Crough Patrick (a mountain) is an important site of pilgrimage in County Mayo, Ireland.

This St Patrick’s Day (17 March) we celebrate the Irish Sisters of Saint Joseph who have been part of the story of the Congregation since its beginnings.

As early as 1871 there were 78 Irish Sisters in the group of 137 Josephites. Some of these Irish women immigrated to Australia with their families and others travelled alone.

Then in 1874, following Mary MacKillop’s visit to Rome to seek approval for her fledgling Congregation, she travelled on to Ireland where she stayed for three months. Mary visited a number of religious congregations, explored the Irish National school system and talked wherever she could about the needs in Australia.
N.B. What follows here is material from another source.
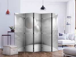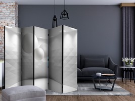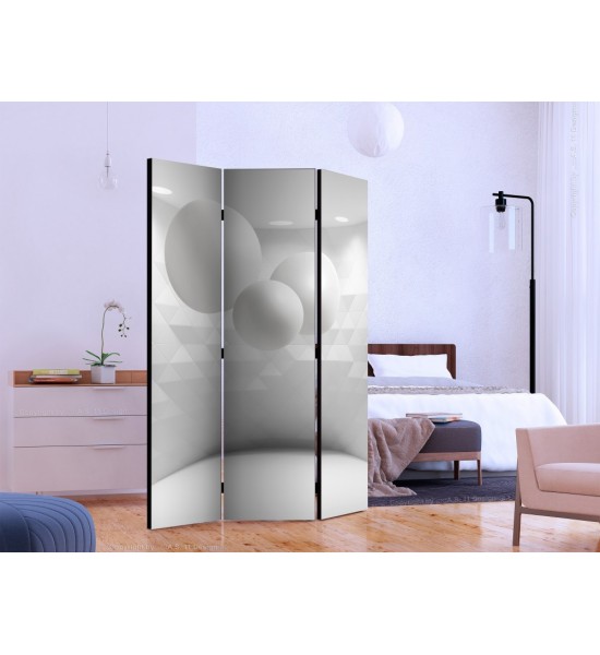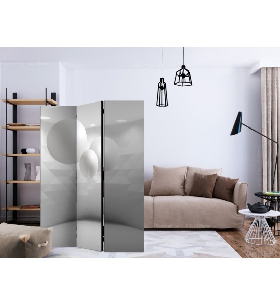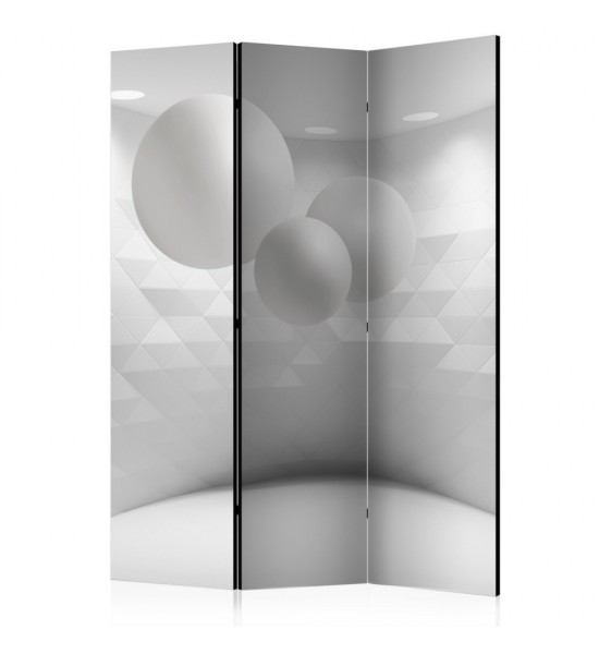 Découvrez ce paravent en toile à la fois original et moderne, une pièce blanche et épurée dans laquelle flottent trois sphères de tailles différentes comme en apesanteur, où les murs très graphiques sont éclairés par des spots du haut vers le bas. C'est une séparation décorative qui apportera une touche design et futuriste dans votre pièce ! C'est un paravent décoratif qui pourra s'installer dans des intérieurs de professionnels ou particuliers comme : bureau, boutique de décoration, salon, chambre, restaurant à thème, véranda, hall d'entrée, bureau d'architecte, classe de physique et chimie... |

Irish Sisters at Newmarket, Co. Cork, Ireland in 2016.

In October 1874, Mary left Dublin to return to Australia with 15 young Irish women who were to join her in her mission in Australia. From this time a strong link with Ireland was forged and continues to grow.

Over the history of the Josephite Congregation, the vision of Mother Mary MacKillop inspired many Irish girls. Some as young as 14 left their homes, never to see family or country again. All of them positively influenced the development of peoples in Australia, New Zealand and in later years  Peru.

Altogether, over 840 Irish young women have left Ireland and joined the Congregation.

In the late 1990s, the decision was made to support Irish-born Sisters to return to Ireland for retirement and/or ministry. These sisters had ministered in Australia/New Zealand/Peru on average 40 years.

The Sisters of Saint Joseph give thanks for the many Irish Sisters who left their homeland to serve the Church in Australia and Aotearoa New Zealand. Those of us with Irish ancestry celebrate St Patrick’s love and care for the Irish people and the faith that has been handed down to us.